Even if you intend to use on-line information (findlaw.com, justicia.com, Cornell law, Legal Information Institute LII, or scholar.google.com) you should still learn how the law libraries are organized.
If you have never been there, now is the time to visit your local law library.
On your first visit to a law library plan to spend 4 hours to get oriented.
If you are going to fight for your liberty, you need to learn where the ammunition is.
Most law libraries are in county courthouses, and at Universities that have a law school, and at your State Capitol's highest court's courthouse.
For your first visit to a law library, get oriented by trying to find:
A law dictionary
U.S. Supreme Court decisions
State Laws, codified (often called Revised Code, or Revised Statutes)
State Laws, statute laws (passed by your congress, each of which must mention the single purpose/objective/object of the law, and the purpose must be authorized by the State Constitution)
State regulations (written by agencies to enforce the statute laws)
Federal laws, codified (U.S. Code or U.S. Code -- annotated)
Federal regulations (Code of Federal Regulations)
State Court Rules, Civil
State Court Rules, Criminal
Your county's local court rules
State Appellate court cases.
Your State Lawyer's Practice Manuals (Civil, Criminal, others)
Pattern Jury Instructions
Many small county courthouse law libraries might not have all of these.

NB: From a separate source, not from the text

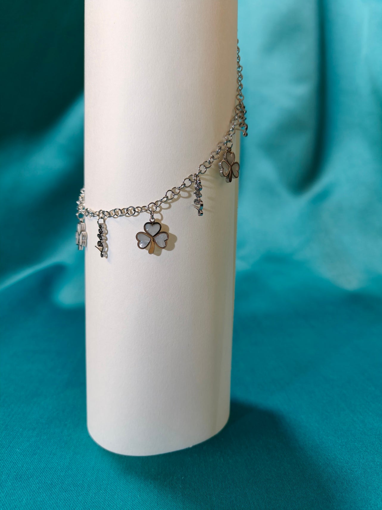 The Clover Love Charm Necklace is a graceful blend of elegance and meaning. Designed with alternating four-leaf clover charms — a universal symbol of luck — and delicate “Love” pendants, this piece captures the perfect harmony of affection and fortune. Its dainty chain and minimal design make it versatile enough to complement both casual and formal outfits. Whether worn solo for a subtle statement or layered for a chic, modern look, this necklace adds a touch of charm to every moment.

If you are in a big city, you will be overwhelmed and may get lost.
The state appellate courts are the authority that can overrule your local court. In your legal pleading you will need to find appellate cases most similar to your own.
Notice that the codified laws are copyrighted. They are copyrighted by lawyers. The acts of Congress cannot be copyrighted.
Also notice that the Rules of Evidence are all different between every States. This is because the system is rigged. By lawyers.